長嶋茂雄「六大学新記録と南海を逆転した巨人スカウト陣の秘策」 (3/5ページ)

日刊大衆

永田夫人は、「成田山(新勝寺)にお参りに来ました。そのついでと言っては失礼ですが」と、突然の訪問を詫び、永田の思いを伝言したという。“永田ラッパ”と呼ばれていた永田は、その横紙破りな行動力で有名だった。千葉の片田舎にあった長嶋家を電撃訪問したのも、いかにも永田らしい作戦だったと言える。

■副キャプテンを務めた長嶋

 最上級生になった長嶋は、副キャプテンを務めた。キャプテンには、しっかり者だった本屋敷錦吾(のちに阪急に入団)が、満場一致で選ばれていた。六大学のタイ記録に並ぶ通算7号ホームランは、4月14日の法立(法大VS立大)2回戦だった。3回一死一塁、左腕の水津正のカーブが高めに入ってきたところを振り抜き、バックスクリーン左横の中段に突き刺さる大ホームランを放った。立大は長嶋の活躍もあって、勝ち点5で完全優勝を果たしている。

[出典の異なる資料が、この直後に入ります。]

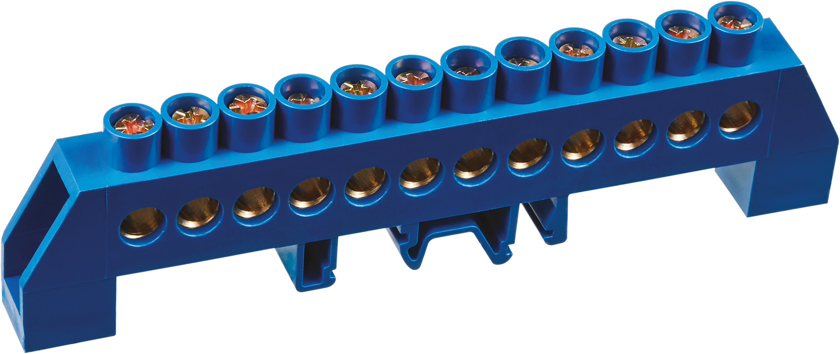 Шина N (ноль) комбинированный изолятор на DIN-рейку 6x9мм 12 отверстий латунь синий Omnyx (20/500)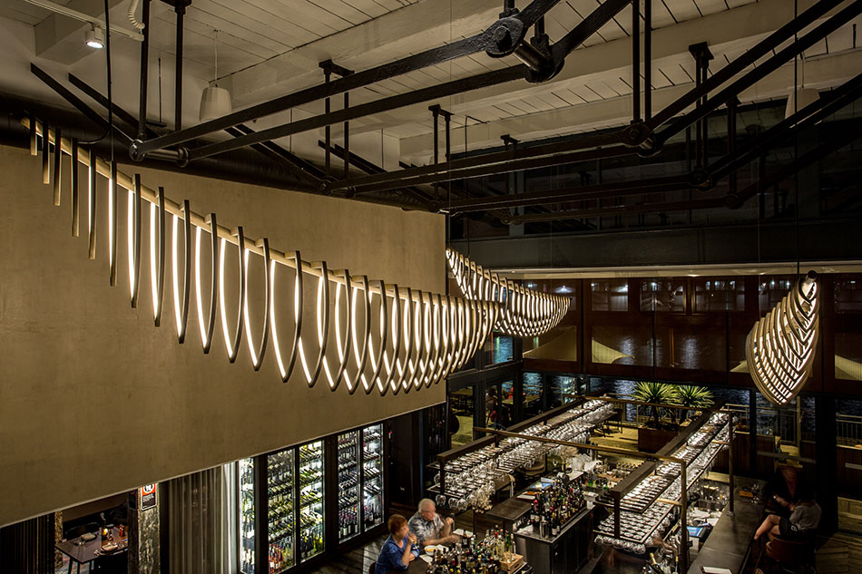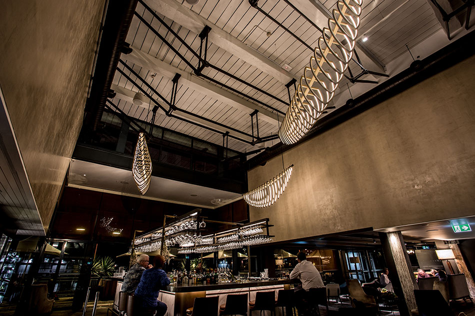 Vom Empfangsbereich wird der Blick auf die imposante Bar gelenkt, über der speziell angefertigte bootförmige Lichter schweben. Angeregt von der Atmosphäre des Ortes entwarf Electrolight diese kundenspezifische Lichtskulptur. Inspiration war die „organische Form und die Bewegung der Lebewesen des Ozeans und die Art und Weise wie moderne Yachten diese Bewegungen replizieren“. Die Arbeit, die den Namen „Squelette“ trägt, wurde vom Electrolight Sydney Team konzipiert und von Axolotl hergestellt.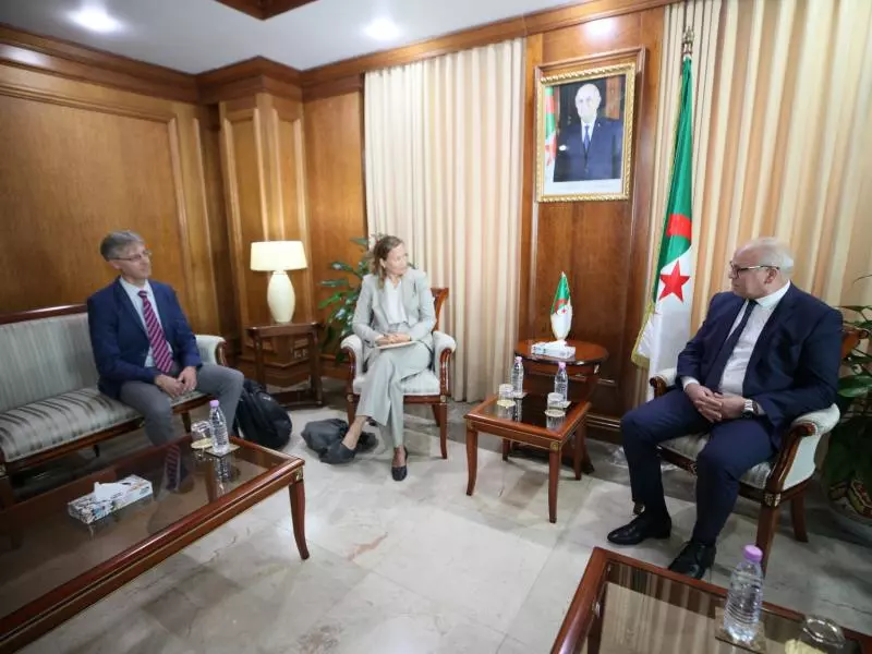 وجرى اللقاء بمقر الوزارة، بحضور رئيسة التعاون الإنمائي بالسفارة الألمانية، هانا إيلج، وإطارات من القطاع، وذلك على هامش فعاليات معرض التجارة البينية الإفريقية 2025 المنظم بالجزائر العاصمة من 4 إلى 10 سبتمبر.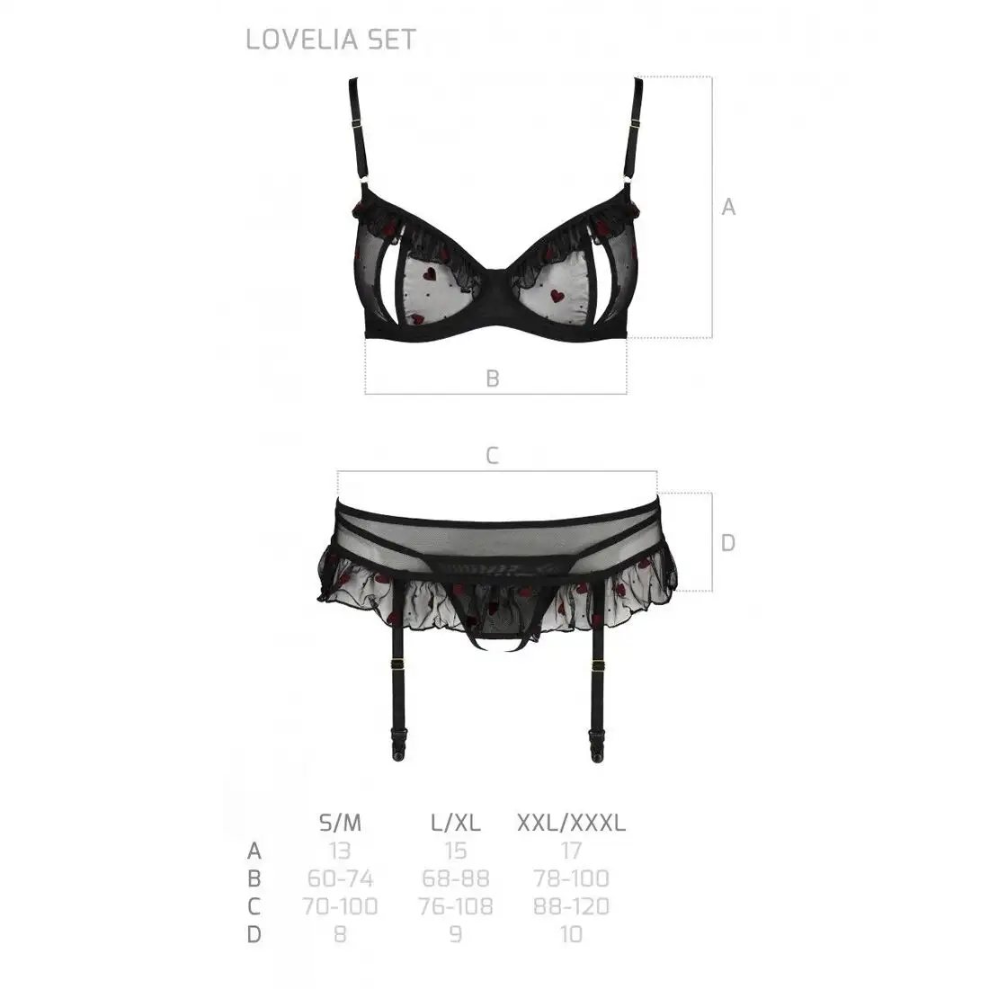 КОМПЛЕКТ LOVELIA в черном цвете XXL/XXXL от Passion станет прекрасным дополнением к вашей коллекции нижнего белья. Этот потрясающий комплект включает в себя бюстгальтер, пояс для чулок и стринги, изготовленные из высококачественных материалов, удобных и прочных.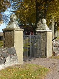 Keywords: gateposts stone grind wrought grass countryside tree autumn wall
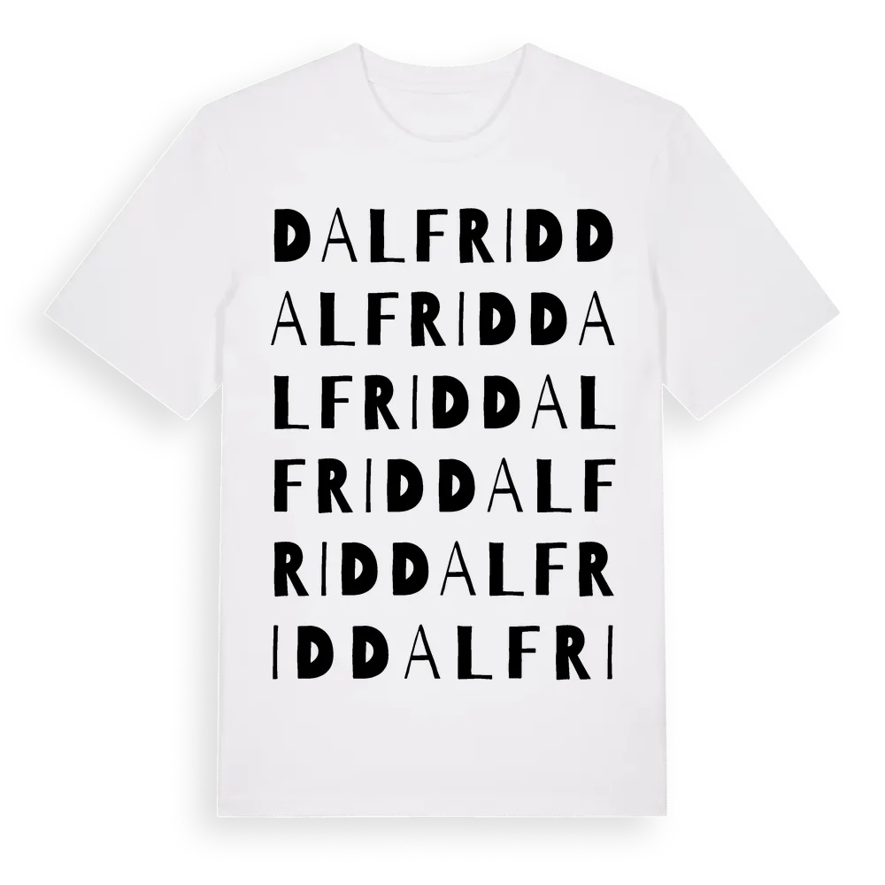 Dalfrid ordlek t-shirt är inspirerad av byn Dalfrid i Stockholms län, Sverige. Tröjan är designad för dig som har en speciell koppling till platsen – oavsett om du bor här, har rötterna här eller bara älskar Dalfrid.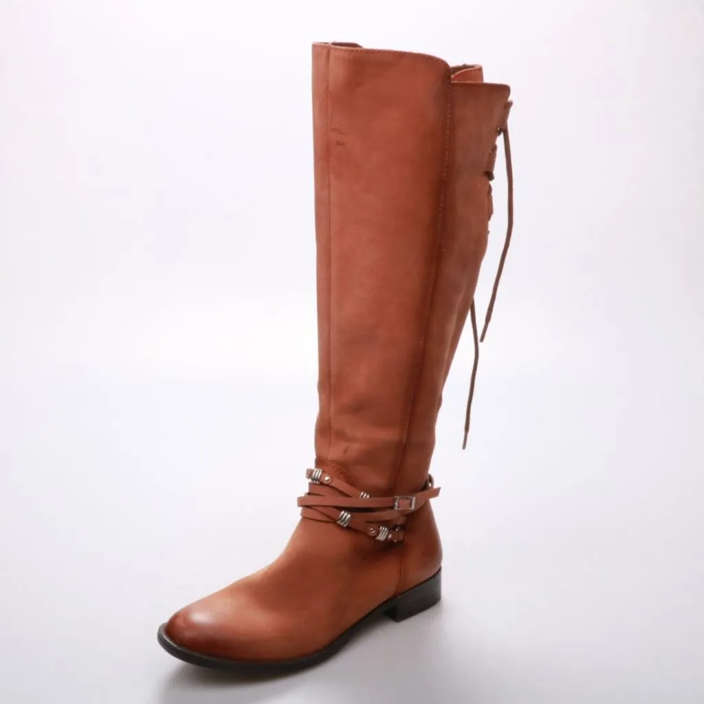 Женские сапоги Tamaris из гладкой коричневой кожи, с высоким голенищем, боковой молнией и шнуровкой сзади для регулировки по икре. Подойдут для повседневной носки в городе в демисезон. Практичное преимущество — удобно надевать за счёт молнии и можно по...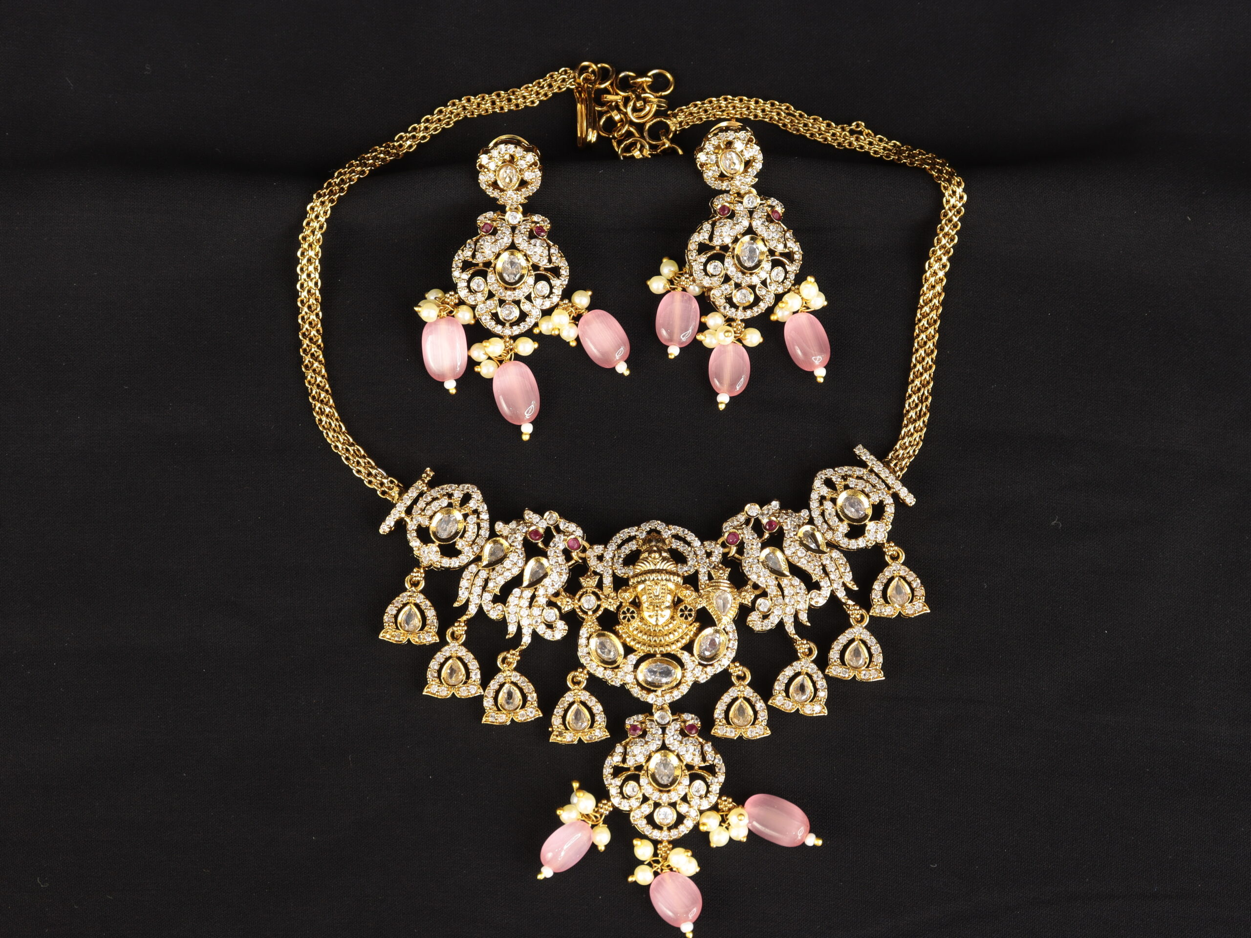 The intricate detailing, adorned with high-shine CZ stones, delicate floral motifs, and soft pink drops, pays tribute to the classic Victorian style infused with South Indian spiritual heritage. This choker set is completed with a matching pair of earrings, making it a versatile and radiant choice for bridal wear, traditional functions, or festive celebrations.

 学生生活最後となる秋のリーグ戦では、新記録となる8号ホームランの期待が高まった。ところが長嶋は、3カードを終えた時点で21打数3安打、打率1割4分3厘と、大学入学以来、最大のスランプに陥っていた。「あのカメラ、止めてもらえませんか……」 長嶋は親しい運動部の記者に、こう懇願している。

 実は、『報知新聞』(現『スポーツ報知』)では、長嶋の記念すべき第8号ホームランの瞬間をキャッチするため、秋のリーグ戦が始まってから長嶋の全打席を追っていた。一塁側のカメラ席から、特注のアイモ改造カメラ(1秒間に120コマ撮影できた)で狙っていたのだ。当時の六大学リーグ戦は、プロ野球の試合以上に人気があり、特に立大の試合は神宮球場が満員になり、盛大な応援がチームを盛り上げていた。球場には絶えず大歓声が響いていたのだが、長嶋はアイモの作動する「ジー」という音が気になって仕方なかったようだ。

 しかし、そこは天性のスーパースター・長嶋である。4カード目の明立(明大VS立大)1回戦、長嶋は明大の3投手から5打数5安打と打ちまくり、一気に打率を3割に乗せると、最終カードの慶立(慶大VS立大)2回戦まで3割台をキープ。この試合に勝てば立大が優勝、春秋連覇となる。5回表、長嶋に打席が回ってきた。〈狙い球を絞ったわけではありません。